"Pe-er" Indonesia: Tantangan Besar di Dunia Kerja, Dampak PHK dan Pengangguran Lulusan Muda Meningkat

“Pe-er” Indonesia: Tantangan Besar di Dunia Kerja, Dampak PHK dan Pengangguran Lulusan Muda Meningkat


JAKARTA,

– Menteri Ketenagakerjaan Yassierli mengungkapkan, sebanyak 24.036 pekerja mengalami pemutusan hubungan kerja (PHK) selama Januari hingga 23 April 2025. Angka tersebut menunjukkan peningkatan dibanding periode yang sama tahun sebelumnya.

“Saat Covid-19 tahun 2020, jumlah PHK nasional mencapai 386.000 orang. Tahun 2024 naik dibanding 2023. Dan data terakhir per April 2025 sudah sekitar 24.000 orang kena PHK, atau sepertiga dari total sepanjang 2024,” kata Yassierli dalam rapat dengan Komisi IX DPR RI, Senin (5/5/2025).
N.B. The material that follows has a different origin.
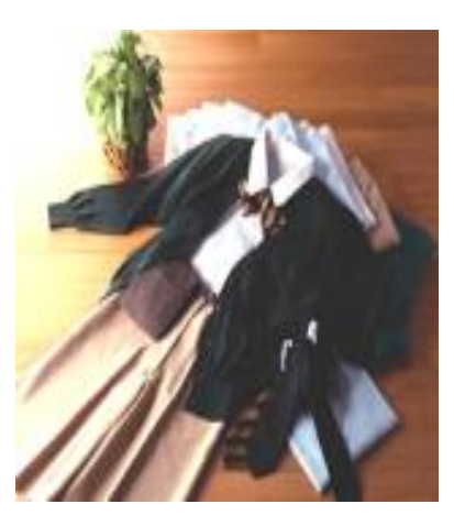
Figure 2: Petrochemical products and high performance materials whose CFP are disclosed (e.g. PX production unit, image of products made from paraxylene)

In calculating this CFP, ENEOS worked to make the numbers more reliable by referring to various guidelines*1 based on a review by WasteBox, an expert in calculating GHG emissions, solidifying the CFP calculation method for petroleum products, and developing a CFP calculation and management system together with NTT DATA.*2 Note that this is the first CFP calculation in the domestic petroleum industry using actual data acquired from refineries.

Manufaktur Sumbang PHK Terbanyak

Yassierli menyatakan bahwa sektor industri pengolahan atau manufaktur merupakan sumber utama pemutusan hubungan kerja (PHK) dengan total 16.801 kasus, diikuti oleh bidang perdagangan besar dan ritel yang mencapai 3.622 kasus, serta layanan lain-lain dengan angka 2.012 kasus.

Tiga propinsi yang mengalami pemutusan hubungan kerja paling banyak adalah Jawa Tengah (10.692 karyawan), DKI Jakarta (4.649 karyawan), serta Riau (3.546 karyawan).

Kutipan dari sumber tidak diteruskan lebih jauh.